- INPUT
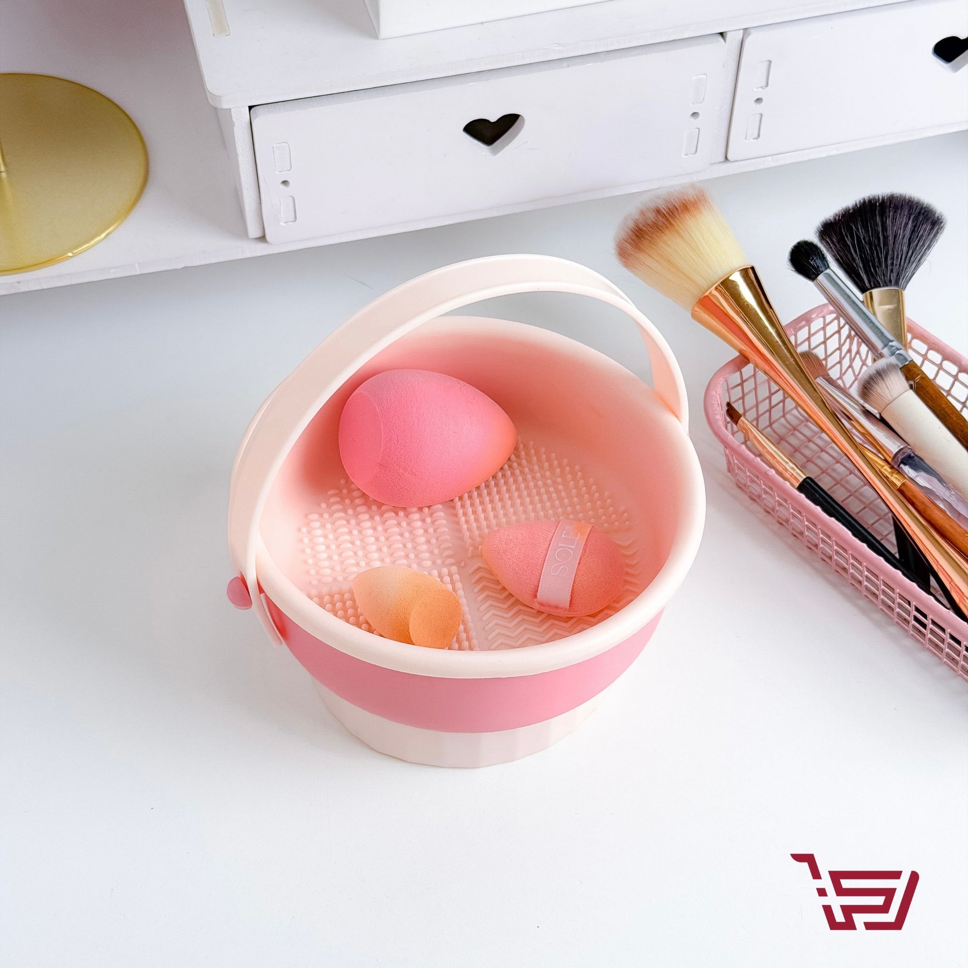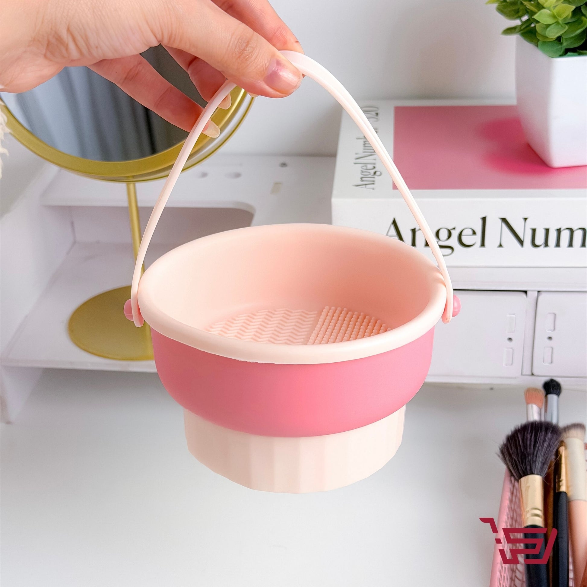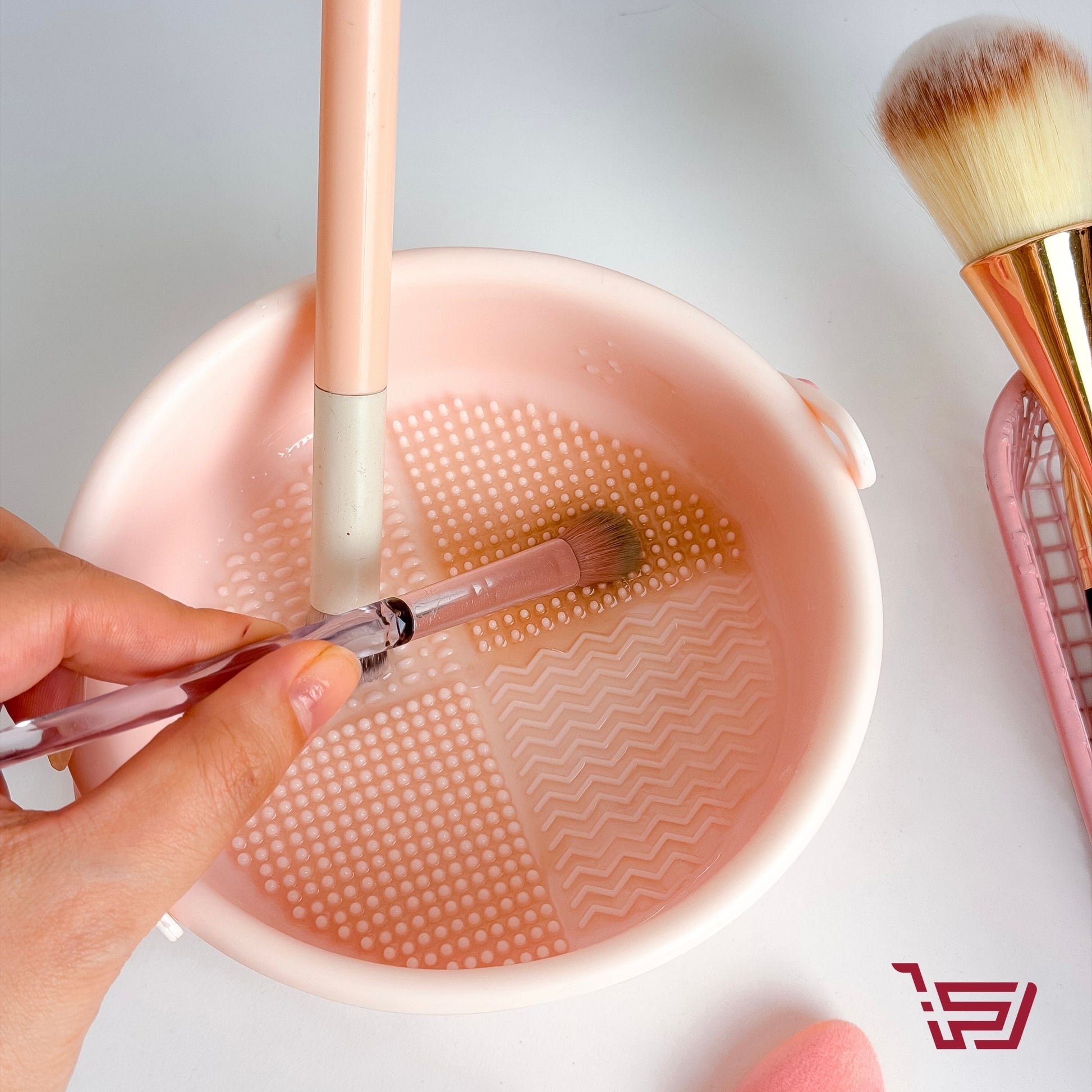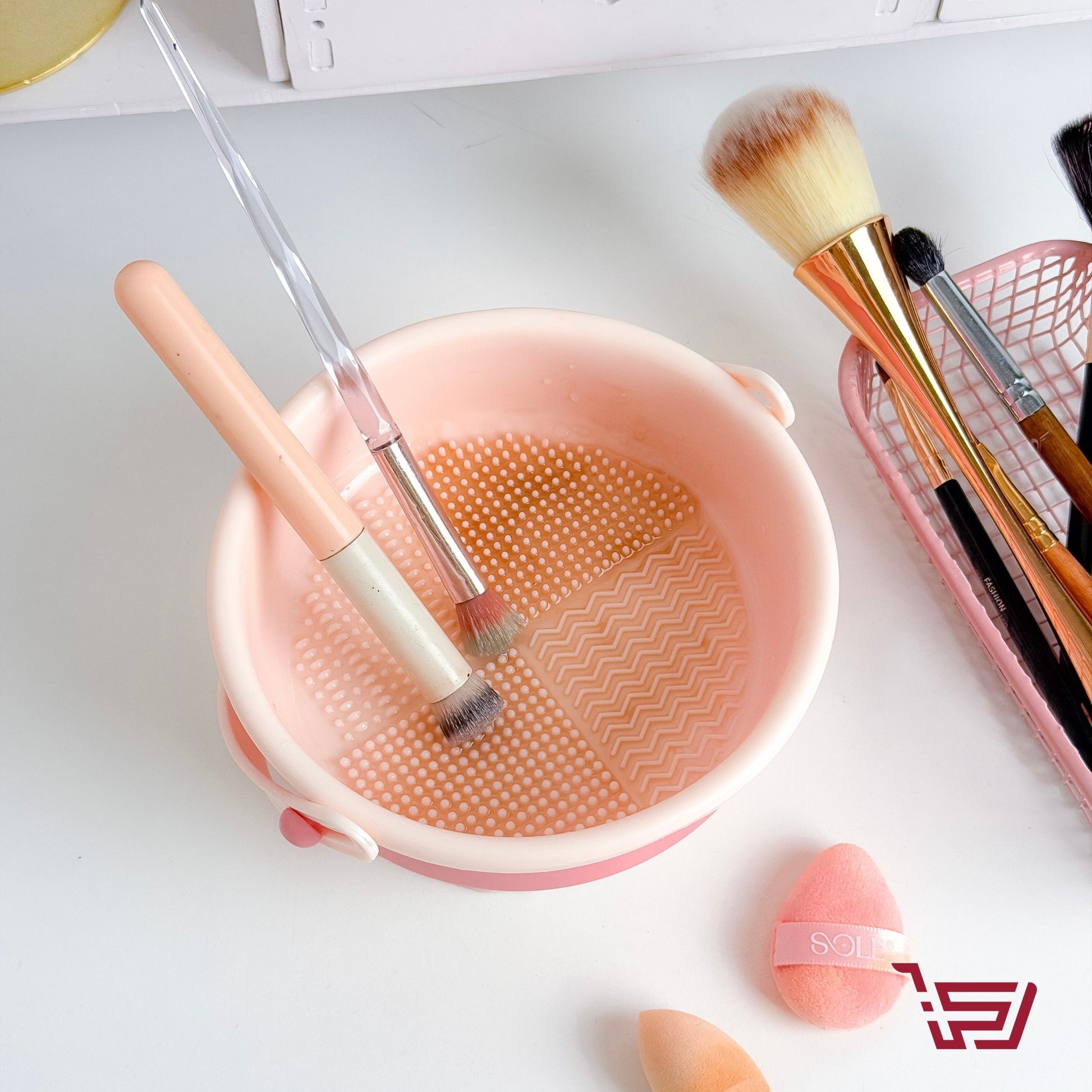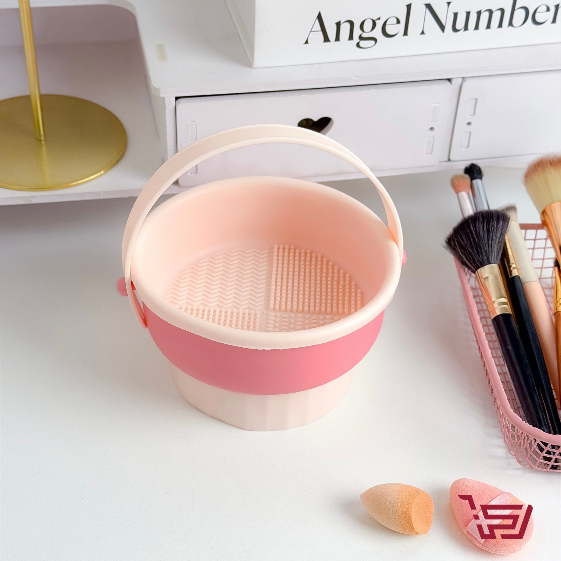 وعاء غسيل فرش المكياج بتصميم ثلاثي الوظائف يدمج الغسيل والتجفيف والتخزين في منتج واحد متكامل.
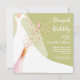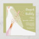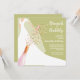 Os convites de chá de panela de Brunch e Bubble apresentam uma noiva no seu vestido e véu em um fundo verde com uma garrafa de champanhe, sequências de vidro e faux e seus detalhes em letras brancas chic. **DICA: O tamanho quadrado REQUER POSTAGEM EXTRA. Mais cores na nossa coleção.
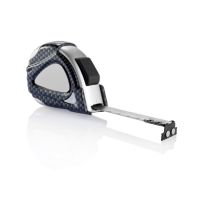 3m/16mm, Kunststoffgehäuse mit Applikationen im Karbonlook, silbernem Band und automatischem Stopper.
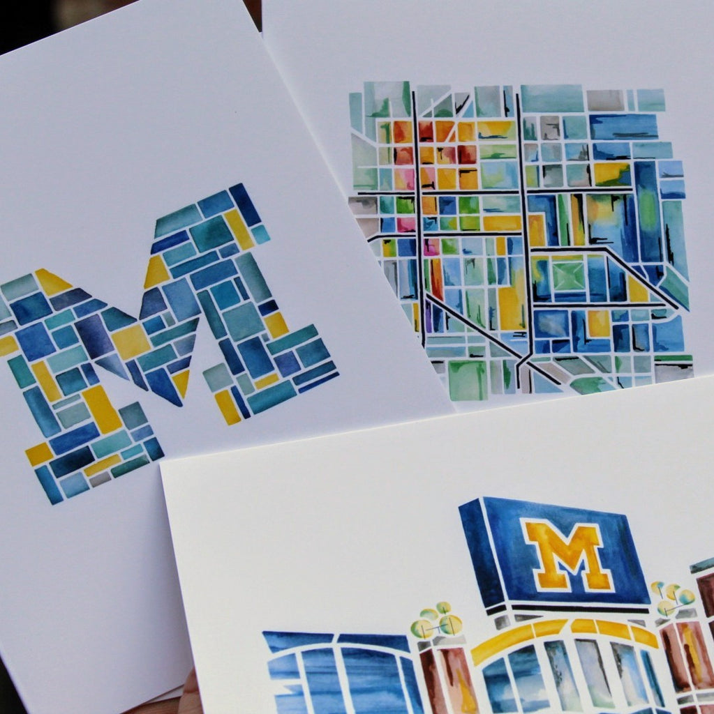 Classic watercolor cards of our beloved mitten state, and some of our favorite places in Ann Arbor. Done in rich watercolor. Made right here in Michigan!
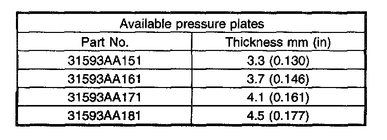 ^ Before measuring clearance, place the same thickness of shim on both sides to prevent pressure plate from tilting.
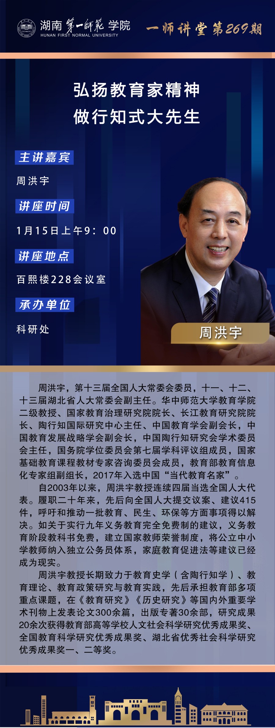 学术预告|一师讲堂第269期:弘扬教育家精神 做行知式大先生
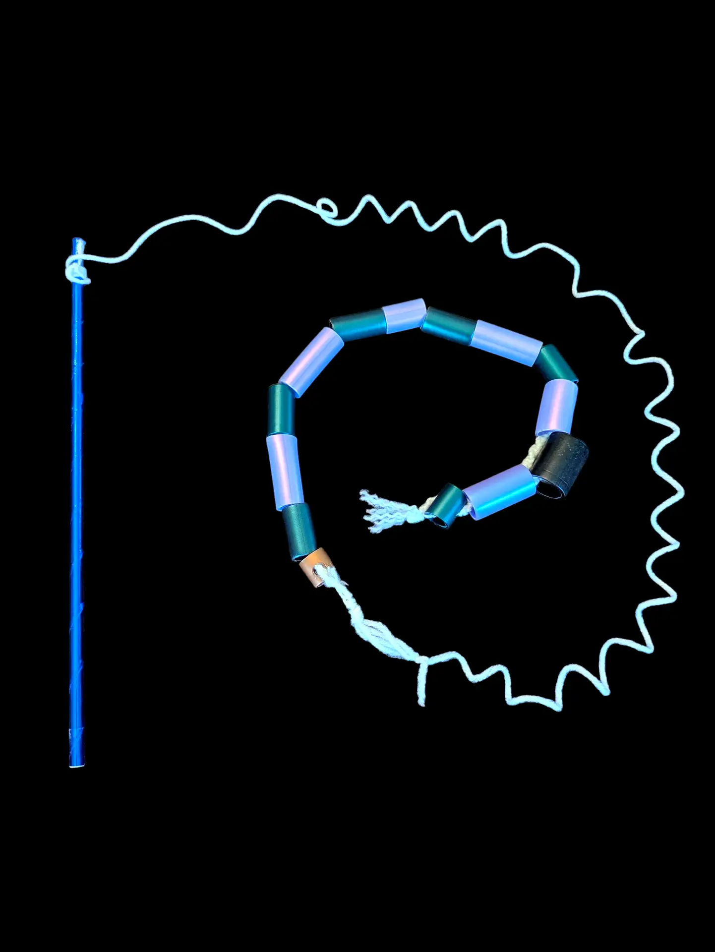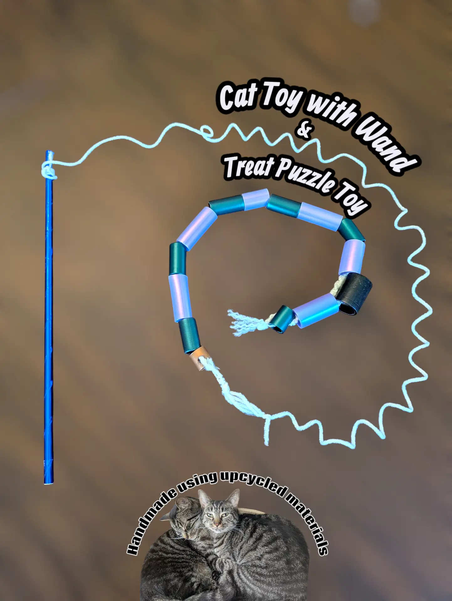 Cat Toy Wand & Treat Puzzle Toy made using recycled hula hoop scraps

- YOUR INSTRUCTIONS
When the line that holds "3m/16mm, Kunststoffgehäuse mit" is reached, begin duplicating exactly, and continue through the last line of the listing, skipping the pictures; output nothing else.

- SOLUTION
 3m/16mm, Kunststoffgehäuse mit Applikationen im Karbonlook, silbernem Band und automatischem Stopper.
 Classic watercolor cards of our beloved mitten state, and some of our favorite places in Ann Arbor. Done in rich watercolor. Made right here in Michigan!
 ^ Before measuring clearance, place the same thickness of shim on both sides to prevent pressure plate from tilting.
 学术预告|一师讲堂第269期:弘扬教育家精神 做行知式大先生
 Cat Toy Wand & Treat Puzzle Toy made using recycled hula hoop scraps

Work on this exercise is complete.